Key Takeaways
- A destructive cyberattack against Poland’s power grid was attributed to Russia’s Sandworm advanced persistent threat (APT) group.
- The attack, which occurred on December 29 and 30, targeted two combined heat and power plants and a system enabling the management of electricity generated from renewables.
- The attack failed, and there were no blackouts or negative consequences.
- Researchers from security firm ESET attributed the attack to Sandworm with medium confidence, citing a strong overlap with previous Sandworm wiper activity.
- The attack is notable as a potential offensive cyber action between nations, with Poland being a NATO member state and a strategic ally of Ukraine.
Introduction to the Cyberattack
A recent cyberattack against Poland’s power grid has been attributed to Russia’s Sandworm advanced persistent threat (APT) group. The attack, which occurred on December 29 and 30, targeted two combined heat and power plants, as well as a system enabling the management of electricity generated from renewables. According to an announcement on Prime Minister Donald Tusk’s website, the attack failed, and there were no blackouts or negative consequences. Although Tusk did not name Sandworm in the announcement, he pointed a finger at the Russian government as the likely party responsible.
Attribution to Sandworm
Researchers from security firm ESET attributed the attack to Sandworm with medium confidence, citing a strong overlap with previous Sandworm wiper activity. ESET said in its blog post that it was "not aware of any successful disruption occurring as a result of this attack." The company observed what it described as "a strong overlap with numerous previous Sandworm wiper activity we analyzed," based on observed malware, as well as tactics, techniques, and procedures. Sandworm has a long history of disruptive cyberattacks, especially on Ukraine’s critical infrastructure.

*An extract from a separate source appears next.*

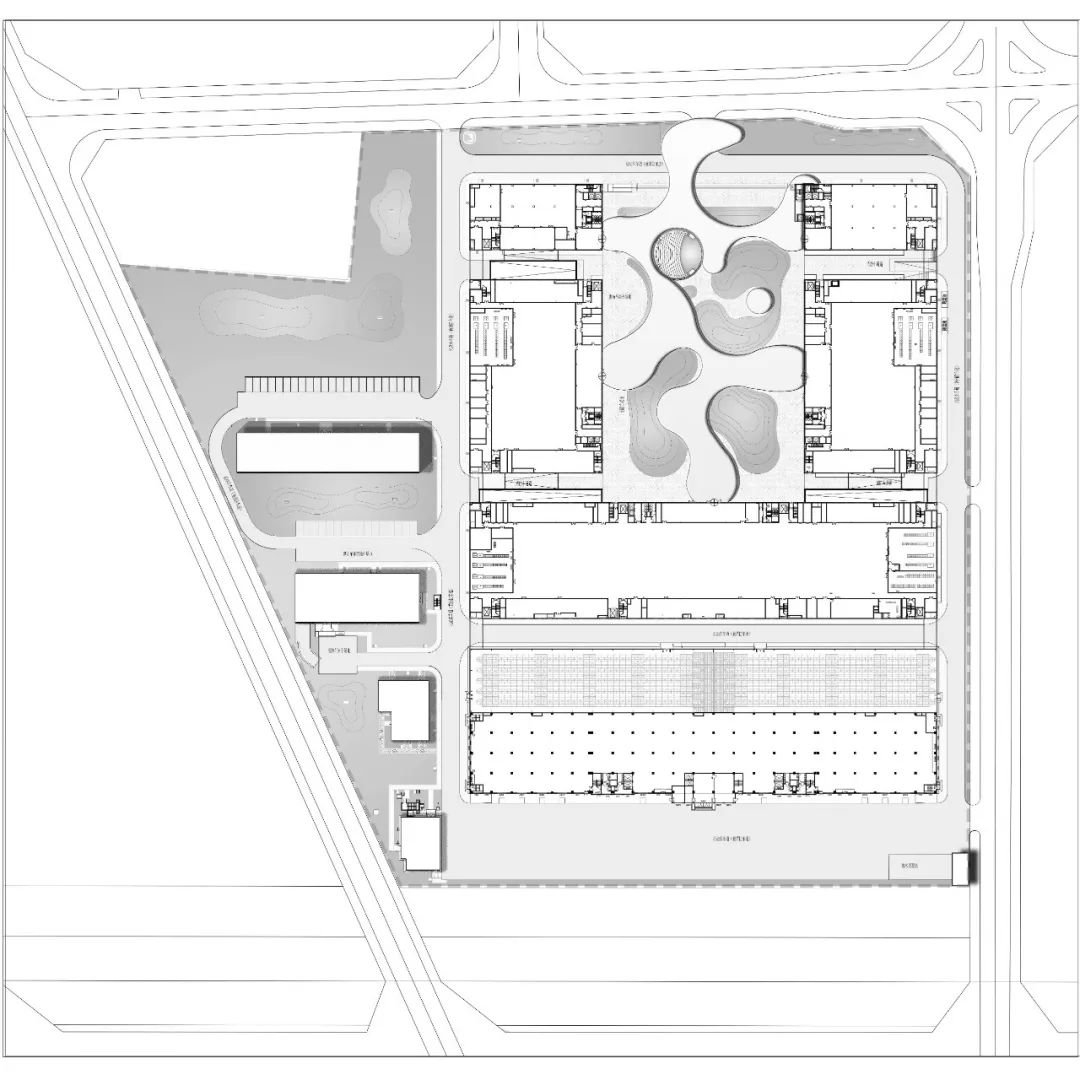除了南侧物流集散广场以外,厂区的其它区域的地面不再铺满叉车和货车,一个高效、智能化的物流体系被收纳到了建筑内部和地下空间,把地面尽量还给景观和人群。
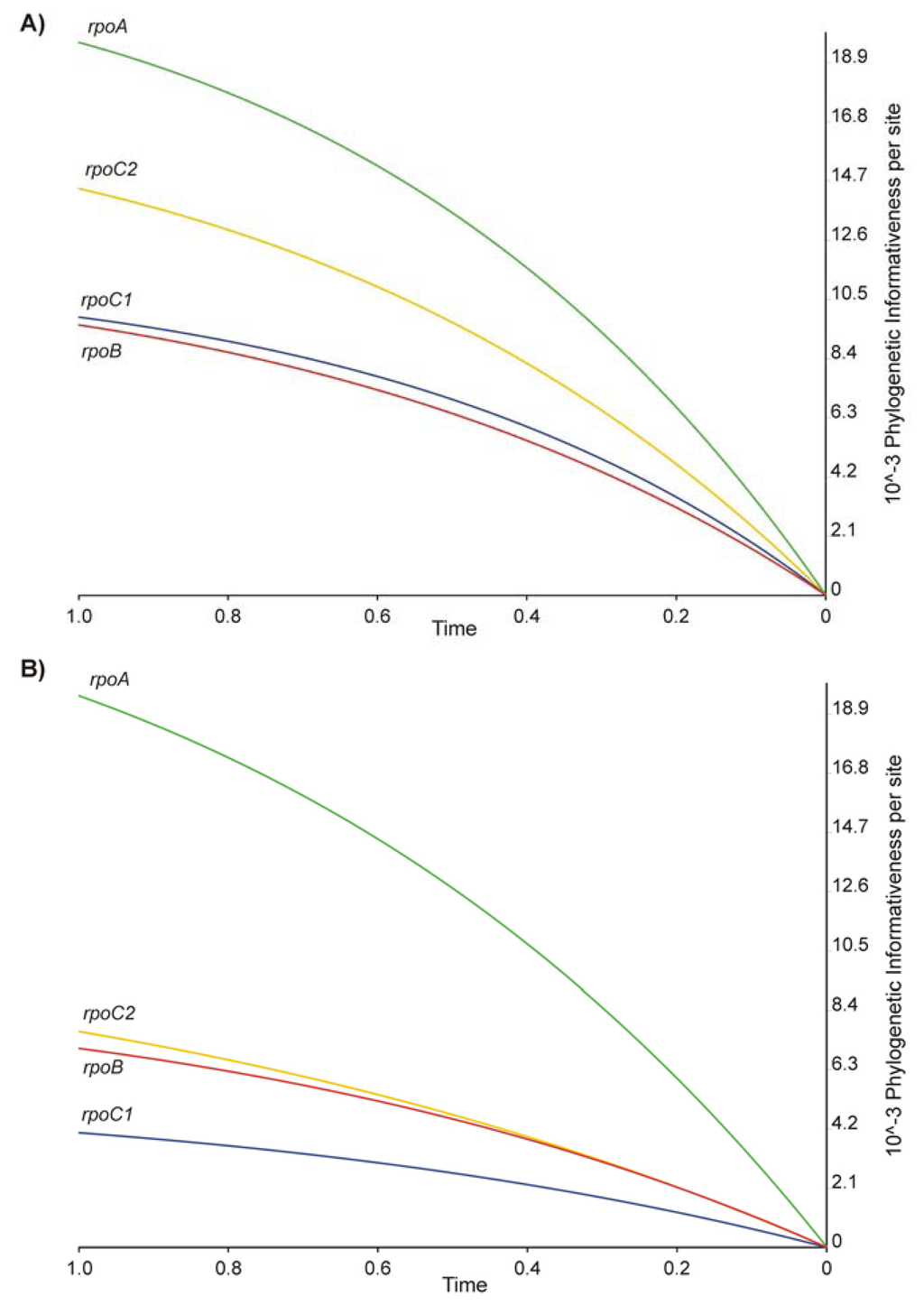 Profile of phylogenetic informativeness for rpo genes per site calculated from (A) the nucleotide and (B) the amino acids sequences (rpoA—green, rpoB—red, rpoC1—blue, rpoC2—yellow). The time axis is calibrated in relation to the ultrametrisized ML tree derived from the dataset of four rpo genes. An evolutionary time of 1.0 corresponds to the root of the tree and the value of 0 to its tips.

Sandworm’s History of Destructive Attacks
Sandworm is a notorious APT group, previously credited with some of the most infamous cyberattacks of all time. In 2015, it deployed BlackEnergy malware to disrupt the Ukraine power grid and leave hundreds of thousands without electricity for several hours. ESET researchers observed that this recent attack against Poland occurred on the 10th anniversary of the BlackEnergy attack. In 2017, Sandworm targeted organizations in Ukraine and more than 60 other countries with NotPetya, a destructive data wiping malware based on Petya ransomware. Threat activity once again ramped up following Russia’s invasion of Ukraine in early 2022, with Sandworm launching regular wiper attacks against Ukraine.
DynoWiper Malware
The malware used in last month’s attack against Poland is called DynoWiper. ESET researchers did not provide technical details regarding the seemingly new DynoWiper malware. However, they noted that Sandworm has been spotted with other wiper strains like Industroyer (also known as CrashOverride). Industroyer, in particular, also used against Ukraine, was one of the more prominent cases of industrial control system/operational technology-focused malware observed since Stuxnet. The use of DynoWiper in the attack against Poland is a significant development, as it highlights Sandworm’s continued ability to adapt and evolve its tactics, techniques, and procedures.
Implications of the Attack
The attack on Poland’s power grid is notable as a potential offensive cyber action between nations. Poland is a NATO member state and a strategic ally of Ukraine, and Russia has a history of targeting nations allied with Ukraine since the former’s invasion of the latter began a few years ago. The attack is a reminder of the ongoing cyber threat posed by Russia and the need for countries to remain vigilant and prepared to defend against such attacks. The fact that the attack failed and did not result in any significant disruption is a testament to the effectiveness of Poland’s cybersecurity measures and the quick response of its authorities.
Conclusion
In conclusion, the cyberattack against Poland’s power grid attributed to Sandworm is a significant development in the ongoing cyber conflict between Russia and its adversaries. The use of DynoWiper malware and the targeting of critical infrastructure highlight the ongoing threat posed by Sandworm and the need for countries to remain vigilant and prepared to defend against such attacks. The fact that the attack failed and did not result in any significant disruption is a testament to the effectiveness of Poland’s cybersecurity measures and the quick response of its authorities. As the cyber threat landscape continues to evolve, it is essential for countries to remain proactive and cooperative in defending against such attacks and preventing future incidents.